Specifically, the first housing 10 defines a first cavity therein, and the heat exchange assemblies 20 are disposed in the cavity, and each of the heat exchange assemblies 20 includes a second housing 21, a plurality of radiating pipes 22, and a plurality of sleeves 23, respectively. Wherein, a second cavity is defined in the second casing 21, the heat dissipation pipe 22 is disposed in the second cavity, one end of the heat dissipation pipe 22 is formed as an inlet, the other end is formed as an outlet, each sleeve 23 is pivotally disposed in the second cavity along the axial direction of the heat dissipation pipe 22 and sleeved on the heat dissipation pipe 22, and the outer wall surface of each sleeve 23 is provided with a plurality of sets of blades 24.

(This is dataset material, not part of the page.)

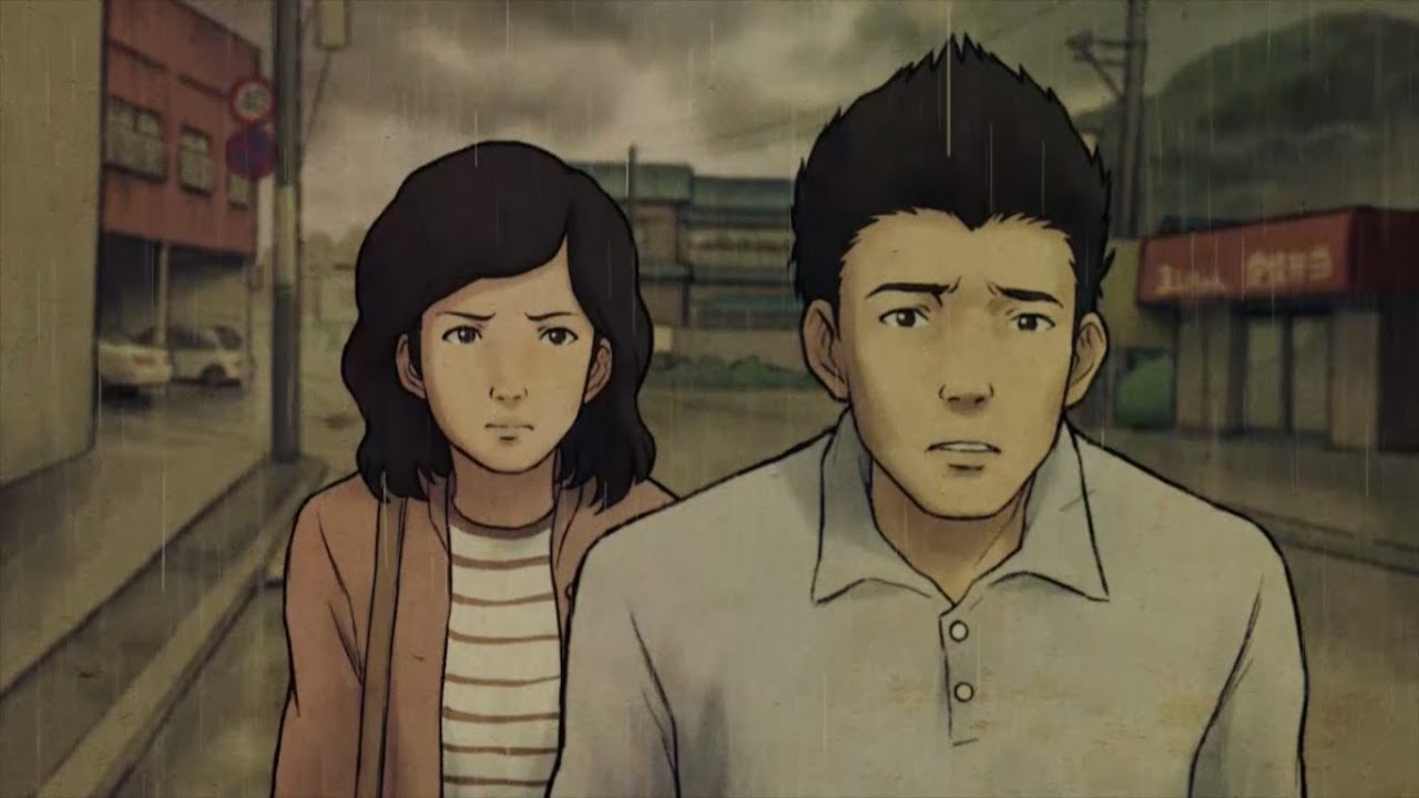 あいにくの天気に妻はヘソを曲げ、夫は必死でそれをなだめる。

In other words, the heat exchanger 100 of the evaporator mainly comprises a first casing 10 and a plurality of heat exchange assemblies 20, wherein the plurality of heat exchange assemblies 20 are disposed in the first casing 10, the number of the heat exchange assemblies 20 can be set as required, each heat exchange assembly 20 mainly comprises a plurality of radiating pipes 22 and a sleeve 23 of a second casing 21, wherein the steam coming out of the evaporator performs heat exchange through the radiating pipes 22, the sleeve 23 is provided with a plurality of sets of blades 24, and the sleeve 23 can rotate around the axial direction of the evaporator pipe, thereby cooling and radiating the steam in the evaporator pipe.

Therefore, according to the heat exchanger 100 of the evaporator of the embodiment of the present invention, by providing the plurality of heat exchange assemblies 20 in the first casing 10 and the plurality of heat pipes 22 in the second casing 21, the sleeve 23 is provided outside the heat pipes 22, the heat exchanger 100 of the evaporator is not only simple in structure, but also enables heat to be transferred from the hot fluid to the cold fluid, and the heat exchange effect is good.

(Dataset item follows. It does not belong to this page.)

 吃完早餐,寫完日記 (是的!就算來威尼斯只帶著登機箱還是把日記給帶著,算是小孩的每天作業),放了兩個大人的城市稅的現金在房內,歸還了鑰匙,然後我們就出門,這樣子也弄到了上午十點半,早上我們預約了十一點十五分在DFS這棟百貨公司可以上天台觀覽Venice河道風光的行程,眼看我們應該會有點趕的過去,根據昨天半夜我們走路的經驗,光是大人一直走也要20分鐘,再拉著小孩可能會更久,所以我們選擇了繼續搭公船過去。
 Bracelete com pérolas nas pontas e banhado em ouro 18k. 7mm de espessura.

In an embodiment of the present invention, the first casing 10 and the second casing 21 are respectively formed in a cylindrical shape, and the cylindrical structure is simple and convenient for processing.

According to an embodiment of the present invention, the radiating pipe 22 includes a first pipe section 221, a second pipe section 222 and a third pipe section 223.

Specifically, the upper end of the first pipe section 221 is connected to the upper ends of the first shell 10 and the second shell 21, the wall thickness of the first pipe section 221 is 0.3 to 0.35 times the inner diameter of the first pipe section 221, the upper end of the second pipe section 222 is connected to the lower end of the first pipe section 221, the wall thickness of the second pipe section 222 is 0.25 to 0.3 times the inner diameter of the second pipe section 222, the upper end of the third pipe section 223 is connected to the lower end of the second pipe section 222, and the wall thickness of the third pipe section 223 is 0.2 to 0.25 times the inner diameter of the third pipe section 223. Further, the inner diameters of the first, second and third pipe sections 221, 222, 223 are equal.

That is, the radial thickness of each radiating pipe 22 is sequentially decreased from top to bottom, and the cooling effect is sequentially decreased to form a gradient.

According to the utility model discloses an embodiment, cooling tube 22 is integrated into one piece spare, and integrated into one piece spare is stable in structure not only, is convenient for process moreover.

Preferably, the radiating pipe 22 is formed of a copper pipe, which has a good radiating effect.

In one embodiment of the present invention, the heat exchange assemblies 20 are formed in four, each sleeve 23 is provided with three sets of blades 24 spaced apart from each other along the length direction of the sleeve 23, and each heat exchange assembly 20 includes five radiating pipes 22 and five sleeves 23. The number of the heat exchange assembly 20, the radiating pipe 22 and the sleeve 23 is selectively matched according to the type of the evaporator.

Alternatively, the sleeve 23 is driven by a motor.

In summary, according to the heat exchanger 100 of the evaporator of the present invention, by disposing the plurality of heat exchange assemblies 20 in the first casing 10 and the plurality of radiating pipes 22 in the second casing 21, and disposing the sleeve 23 outside the radiating pipes 22, the heat exchanger 100 of the evaporator is not only simple in structure, but also can transfer heat from the hot fluid to the cold fluid, and the heat exchange effect is good.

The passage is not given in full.